Bill Jones (1919 -1978) was a Yorkshireman. He had his schooling at Doncaster and after teacher-training at York and war service in the Royal Navy read English at Leeds. He followed his B.A. with an M.A. in the same department which took the form of a study on 'The definite article in living Yorkshire dialect' published in Leeds Studies in English and Kindred Languages in 1952.
He spent the 1950s as Lecturer in Phonetics in London at the School of Oriental and African Studies. His war-period service had taken him to India and given him an abiding interest in several of the sub-continent's languages. It had also given him a knowledge of electronics which served as a background to his special interests in the phonetics laboratory at Edinburgh where he moved in 1961, becoming Senior Lecturer in Phonetics there in 1964. In that year he underwent a serious operation for a kidney complaint which had troubled him for some time. His health had been much improved for six years until he was cruelly afflicted with a paralysing stroke in the summer of 1970.
Even his speech had been affected. He had to rehabilitate it from a condition of dysphasia and aphonia which he turned characteristically to account in a paper published in 1972 in the British Journal of Disorders of Communication.
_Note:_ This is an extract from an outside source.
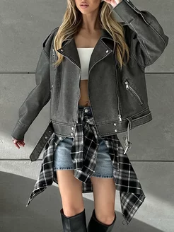 Дубленка осенняя зимняя короткая авиатор экокожа замша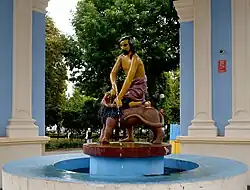 Резервуар соорудили ещё во времена Киевской Руси. Вода в него поступала по деревянным трубам, и жители использовали её для своих нужд. Когда же в средневековой Европе стало модным украшать центральные площади фонтанами и колодцами со скульптурами, киевляне тоже «облагородили» свой резервуар небольшим фонтанчиком. Сверху его накрыли беседкой, а внутри поставили деревянную скульптуру ангела с чашей в руках, из которой вытекала вода. На верхушке беседки появилась фигурка ещё одного ангела, которая вращалась на ветру. Этот павильон называли «фелицианом». Во время праздников духовенство освящало воду в фонтане, а колонны ротонды украшали ветками деревьев. На шею библейскому богатырю вешали нательные крестики, чтобы тот охранял город от беды. В конце XVII века на крыше павильона установили солнечные часы, созданные преподавателем Киево-Могилянской академии французом Брульоном. Но в 1811 году на Подоле случился грандиозный пожар, и часы сгорели вместе с павильоном. Вскоре беседку отстроили, но уже без часов.

Many of his friends and colleagues will recall his bravely cheerful appearance at Leeds in 1975 at the Eighth International Congress of Phonetic Sciences in a wheelchair with the staunch support of his wife Joyce and one of their sons. He fought back courageously to keep his teaching going in such forms as he could manage and he even seemed to write more than he had ever done before.
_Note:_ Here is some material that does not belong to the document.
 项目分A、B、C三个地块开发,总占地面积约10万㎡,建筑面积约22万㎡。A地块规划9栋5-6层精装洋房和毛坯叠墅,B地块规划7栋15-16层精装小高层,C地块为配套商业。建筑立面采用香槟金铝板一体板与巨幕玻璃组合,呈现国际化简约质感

He had previously published some articles and a few thoughtful, generous reviews mostly in JIPA (the Journal of the International Phonetic Association). He now edited (with John Laver) the excellent selection of articles Phonetics in Linguistlcs (1973) and contributed two articles on Hindi to to JIPA (published in 1971 and 1973) and worked at a scheme which developed from a projected Hindi phonetic reader into a full-blown thesis, presented shortly before his death, on Accent and Intonation in Hindi for which he was awarded a doctorate posthumously. This was work he did while in his last years only kept alive by dialysis.
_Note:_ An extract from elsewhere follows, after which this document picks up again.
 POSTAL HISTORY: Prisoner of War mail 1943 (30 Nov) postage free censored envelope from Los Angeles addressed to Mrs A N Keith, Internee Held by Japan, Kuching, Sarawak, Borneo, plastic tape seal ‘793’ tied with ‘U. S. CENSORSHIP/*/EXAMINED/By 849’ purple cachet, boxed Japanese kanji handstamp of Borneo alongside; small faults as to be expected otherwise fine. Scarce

Bill Jones will no doubt best be remembered for his outstandingly likeable personality. What he enjoyed most was human intercourse. He was the most companionable and convivial of friends and colleagues. He was the most sympathetic and helpful of teachers. His good-natured friendliness will be remembered not only by his colleagues and students in phonetics but also by all his pupils on courses, abroad and in this country, for teachers of English as a foreign language. He took immense pleasure in that side of his work particularly in the British Council London Summer School 'The Teaching of Spoken English' he set up and ran for eight years (1962-9).
His interests were wide. He loved music. He could keep a singsong going indefinitely from the piano. He enjoyed reading. He had been a very capable cricketer. He was a delightful raconteur, He was one of the nicest fellows you could possibly meet. His was a great loss to the fellowship of phoneticians.